At Kenosha Community Health Center, that first contact is now handled by a nurse who can quickly and efficiently funnel the patient to the right care provider.
“We’re seeing a higher volume of patients with more complex needs, so it’s important that we make this as efficient as possible,” says Mary Ouimet, the Wisconsin-based health center’s CEO. “When you have more than 450 calls a day, that can be a bottleneck.”
Kenosha, part of the Pillar Health network, is one of several FQHCs to collaborate with Conduit Health Partners on nurse triage services. And that’s part of an even larger trend of FQHCs, rural health centers (RHCs), and assorted community health clinics outsourcing some services and using telehealth and digital health technology to alleviate those bottlenecks that keep patients from accessing the care they need.
There are an estimated 1,400 FQHCs and more than 4,400 RHCs in the US, according to the Health and Human Services Department’s Health Resources and Services Administration (HRSA), which supervises funding for those providers. They, along with look-alike (LAL) organizations, provide care and resources for more than 30 million Americans, many of whom can’t afford or access care at a hospital, health systems, or primary care provider.
With the Centers for Medicare & Medicaid Services (CMS) loosening the purse strings on Medicare and Medicaid coverage, these providers are embracing new technologies to improve access to care and resources. At Kenosha, that means instituting a digital nurse triage service that channels the right patients to the right care.
“This is an essential function of the health center,” says Ouimet, who estimates that 100-150 incoming calls a day are now connected to Conduit Health nurses. “These are nurses at the other end who can work with [patients] to coordinate care. The average call time is reduced, and we’re improving time to treatment and bed scheduling. It’s just better care.”
In Massachusetts, meanwhile, an organization serving the commonwealth’s 52 community health centers covering more than 300 sites and 1 million patients is using HRSA grant funding to maintain a technology platform that keeps track of when and where patients receive care. The platform, developed by Bamboo Health, sends real-time notifications to care teams when a patient visits another care provider outside the system, enabling the care team to access admission, discharge and transfer data.
Susan Adams, vice president of health informatics for the Massachusetts League of Community Health Centers, says the technology gives care teams instant digital access to information that would otherwise be siloed away, creating gaps in care that could affect outcomes. She said those care teams had to ask for paper printouts of those visits, then manually enter the data into the patient’s medical record.

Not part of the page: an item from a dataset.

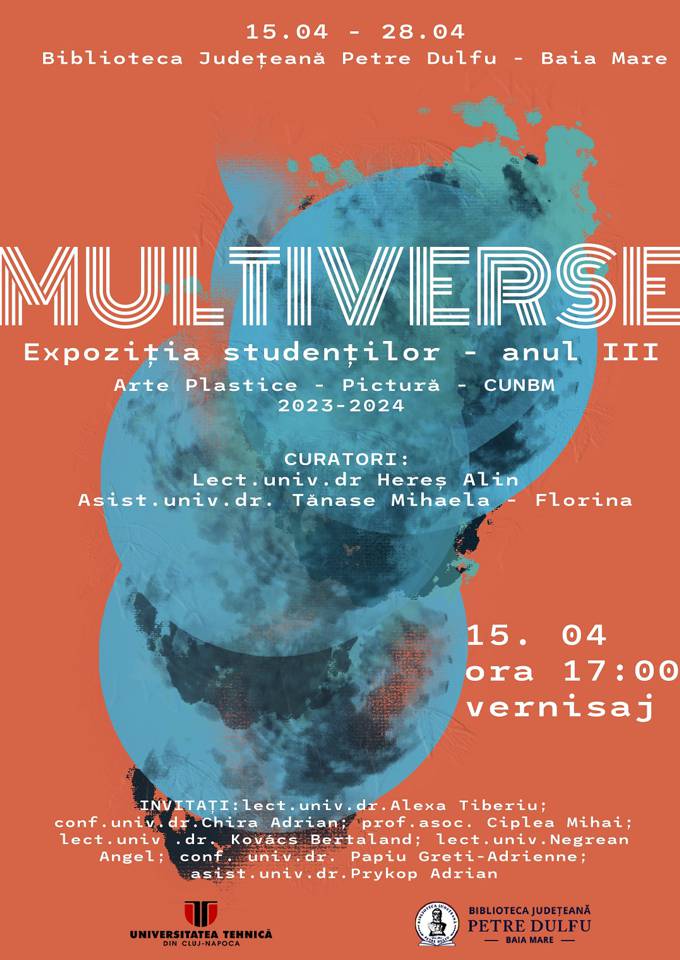 Facultatea de Arte Plastice – Pictură din cadrul Centrului Universitar Nord Baia Mare – Universitatea Tehnică din Cluj-Napoca în colaborare cu Biblioteca Județeană „Petre Dulfu” Baia Mare organizează vernisajul expoziției de pictură intitulată „Multiverse” a studenților anul III.
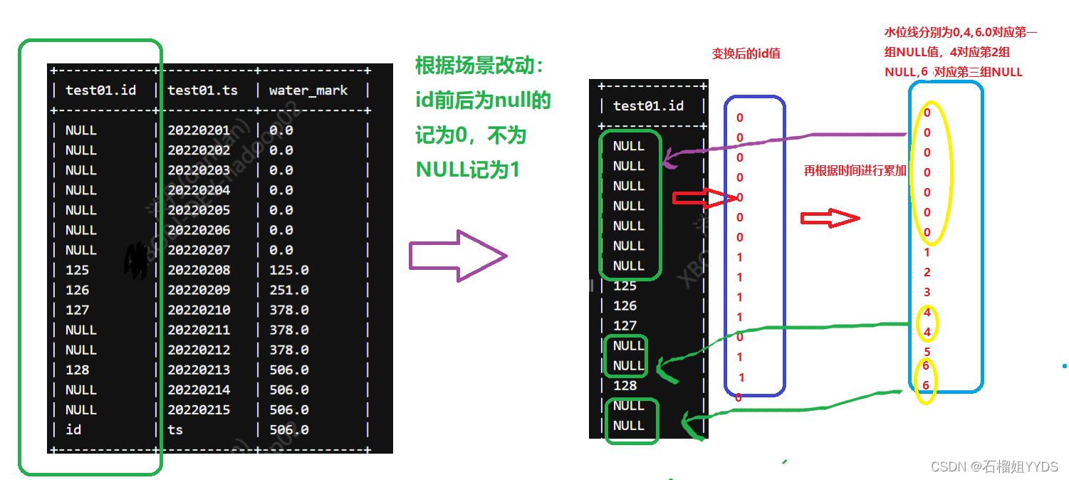 ????? 通过上述方法我们便可以过滤出中间第二次水位线上不为NULL值的数据,但前提是要知道水位值,由于水位值是实际数据中累加的一个结果值,这种方法并不通用,如果我要过滤第三次、第四次水位线上不为NULL值的值呢?也就是说问题转换为求水位线的顺序id,代表他第几次水位,然后再通过传入的水位的顺序id去寻找对应的水位值去过滤,问题就好解决了。那么如何求水位的顺序id 呢?我们对上图再做变换:

“We could be at the printer all day long,” she says.
Thirteen of the Mass League’s CHCs were originally put on Bamboo Health’s platform to monitor some 400,000 patients. According to the organizations, those CHCs saw a 47% reduction in 30-day readmissions among ED patients, a 20% reduction in 30-day readmission among hospitalized patients, and a 33% increase in follow-ups within 30 days of discharge.
The Mass League is now expanding that platform to more CHCs.
“We aren’t getting all the data we need to manage these patients,” Adams says, noting care teams sometimes never learn that a patient has been hospitalized or visited an ED somewhere else unless it comes up in conversation with the patient. The more data we can put into [the patient record] the better chance we have of providing care.”
Having a complete patient record, she says, also helps with chronic care management and strategies to address social determinants of health (SDOH), key care programs that CHCs, FQHCs and other health clinics are being asked to take on.
“I think the challenge will come with managing all of these alerts,” Adams says. “But that’s a good challenge. This gives us a chance to address more care [management and] coordination goals. It’s something that we’ve been waiting a long time to do.”